Veronika Meduna (from Radio NZ’s Our Changing World) reflects on the New Zealand’s contribution to Antarctic science in a column for the Press.
Veronika is the author of Science on Ice: Discovering the Secrets of Antarctica, published by Auckland University Press, and will be in Christchurch for The Press Christchurch Writers Festival event The Big Chill on Friday.
An excerpt from the Press column (read in full here):
Antarctica a window into the past
First-time Antarctic visitors trying to describe their impressions often end up borrowing phrases from Antarctic heroes such as Scott and Shackleton – or they are completely lost for words. When I got my first brief aerial view of the Ice through the porthole of a C-130 Hercules, all I was able to produce was a muzzled shriek. Then, as I finally emerged from the cargo plane’s exit hatch, I was gasping silently, like a fish out of water.
The immensity of the icy landscape is hard to fathom. Space and distance are beyond comprehension. From the ice runway near Scott Base, the summit of steaming Mt Erebus looks like a day’s walk. Yet, it is 70km away and at 3794m surpasses any peak in New Zealand.

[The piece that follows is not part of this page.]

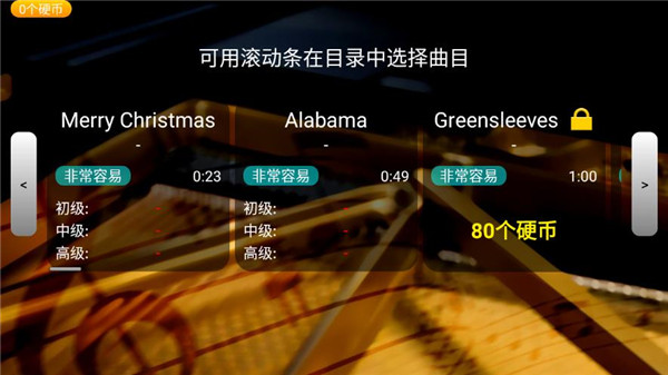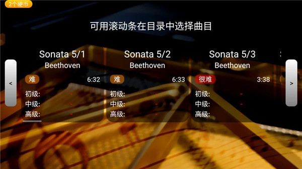 1、游戏开始之前,玩家可以自由设置游戏难度。每首钢琴曲分为三个不同难度,玩家可以自由调整。还可以购买复活卡跟miss卡,以便能更好的完成游戏。
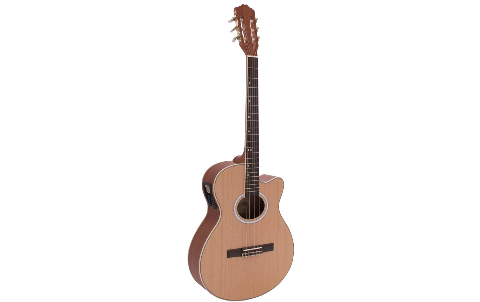 Dimavery CN-500 Klassik-Gitarre, natur: Features:Farbe: natur Korpus: Mahagoni, mit Cutaway Hals: Nato Griffbrett: Palisander Brücke: Palisander Mensur: 650 mm Sattelbreite: 50 mm Inkl. Tonabnehmersystem mit 3-Band-EQ und Tuner Versandgewicht: 2,65 kg In

The reason for this distorted perception is the crisp, clear air and a lack of familiar reference points in the landscape.
A thick blanket of ice rises to more than 4000 metres above sea level, buries towering mountain peaks and smooths the contours of the underlying ranges. It also conceals our planet’s best- kept archive of past climate conditions, stretching back millions of years far beyond the earliest stirrings of human evolution or even the demise of the dinosaurs.